Feldblum is a Georgetown University law professor and a lesbian. She was appointed by Obama to the EEOC (Equal Employment Opportunity Commission). Through Feldblum’s efforts, the EEOC is seeking to advance that sexual liberty agenda aggressively. Obamacare is a separate beachhead but part of the same campaign.
It requires creative lawyering to undermine the explicit Constitutional right of religious freedom and supplant it with sexual rights that are nowhere mentioned in the Constitution. Part of that legal fight is lawsuits brought by Catholic institutions, including the University of Notre Dame, against Obamacare’s overall contraceptive mandate. But those lawsuits have not yet reached the Supreme Court.

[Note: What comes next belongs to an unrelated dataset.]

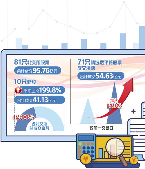 北交所首個(gè)交易日運(yùn)行平穩(wěn),81只股票合計(jì)成交95.76億元。首批上市交易的10只新股全線上揚(yáng),盤(pán)中均觸發(fā)兩次臨時(shí)停牌。截至收盤(pán),10只新股平均較發(fā)行價(jià)上漲199.80%。71只從精選層平移至北交所的股票漲跌互現(xiàn)。

Three Obamacare cases are now before the Court, however. Among the issues raised, it’s the abortifacents that are the sticking point for the owners of Hobby Lobby, David and Barbara Green and their family.
I’ve known the Greens for years as I represented Oklahoma City in Congress. Media accounts are on-target when they say that the Greens run Hobby Lobby on Christian principles and that they built it from a tiny operation to a major national chain. Their stores all close on Sundays. They run faith-promoting religious ads on Easter and other occasions. They immerse themselves in community efforts but shy away from political activity. They pay workers well and provide health coverage that includes birth control, including 16 of 20 FDA-approved and Obamacare-required contraceptives. But the Greens draw the line at four particular contraceptives (two drugs and two devices) that they sincerely conclude induce abortion rather than preventing pregnancy.
For refusing to have a role in what they conclude is an abortion, they face fines of $100 per employee per day. For 13,000 workers, that is $1.3-million daily, $475-million per year. That is how severely the backers of Obamacare desire to punish anyone who opposes the sexual-social agenda behind their contraception mandate.
Why such an enormous penalty when most birth control pills are now an inexpensive product?
If there is one facet of Obamacare that was rigid from the beginning, it was absolutism on sex without pregnancy. The public may not know whether Obamacare covers an appendectomy, but they know it covers everything related to birth control.